It seemed,
after all, so natural to be walking along a barbed-wire fence beside the
sunset, toward a red pond, and to see my shadow moving along at my right,
over the close-cropped grass.
"Has mother shown you the pictures you sent her from the old country?"
Ambrosch asked. "We've had them framed and they're hung up in the parlor.
She was so glad to get them. I don't believe I ever saw her so pleased
about anything." There was a note of simple gratitude in his voice that
made me wish I had given more occasion for it.
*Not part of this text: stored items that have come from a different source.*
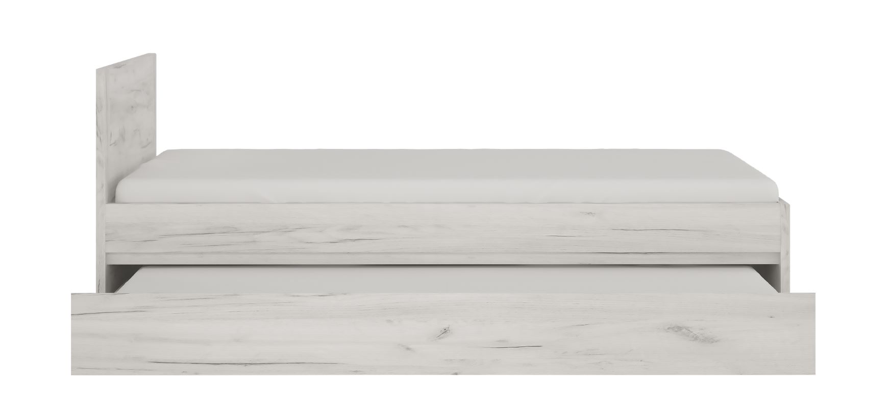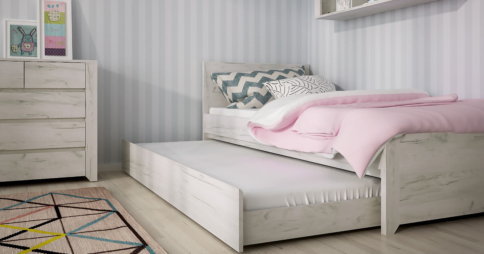 Łóżko wyposażone jest w praktyczną szufladę na rolkach prowadzących, która zapewnia dodatkową przestrzeń na pościel, zabawki czy ubrania. Szuflada łatwo wysuwa się i chowa, co pozwala utrzymać porządek w pokoju.
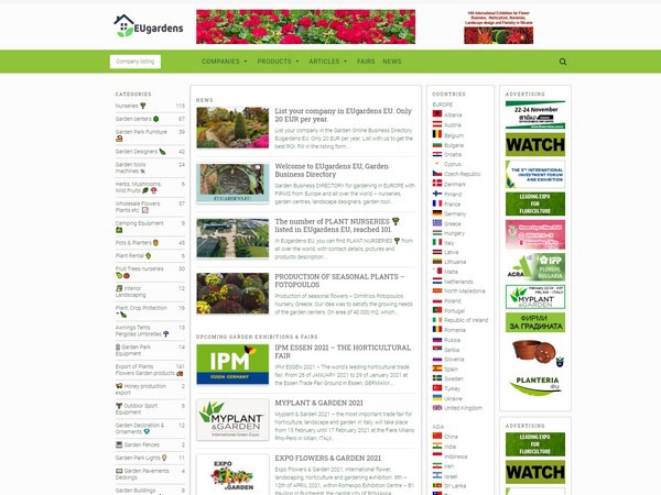 "We wanted everybody in Europe, when looking for some garden product to find it in one place. So we started to gather database,” says Stefan Rusenov, one of the creators of eugardens.eu, an European Garden Business Directory. This online directory for consumers was launched two years ago and is presenting companies that are connected to the garden business, like nurseries, garden centres, landscape designers, garden tools producers, garden furniture, et and so on as well as popular garden fairs/exhibitions and the most famous gardens and parks in Europe. Currently, they have 417 companies in their database and 214,000 registered users and both number are – particularly during the pandemic – rising every day.
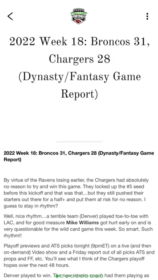 Access many hours and volumes of free fantasy (dynasty, IDP, keepers, auction, rookie drafts) and general football/handicapping analysis through our app, and our subscribers and clients can access their subscriptions and premium content via the app as well.

I put my hand on his shoulder. "Your mother, you know, was very much loved
by all of us. She was a beautiful girl."
"Oh, we know!" They both spoke together; seemed a little surprised that I
should think it necessary to mention this. "Everybody liked her, did n't
they? The Harlings and your grandmother, and all the town people."
"Sometimes," I ventured, "it does n't occur to boys that their mother was
ever young and pretty."
"Oh, we know!" they said again, warmly. "She's not very old now," Ambrosch
added. "Not much older than you."
"Well," I said, "if you were n't nice to her, I think I'd take a club and
go for the whole lot of you. I could n't stand it if you boys were
inconsiderate, or thought of her as if she were just somebody who looked
after you. You see I was very much in love with your mother once, and I
know there's nobody like her.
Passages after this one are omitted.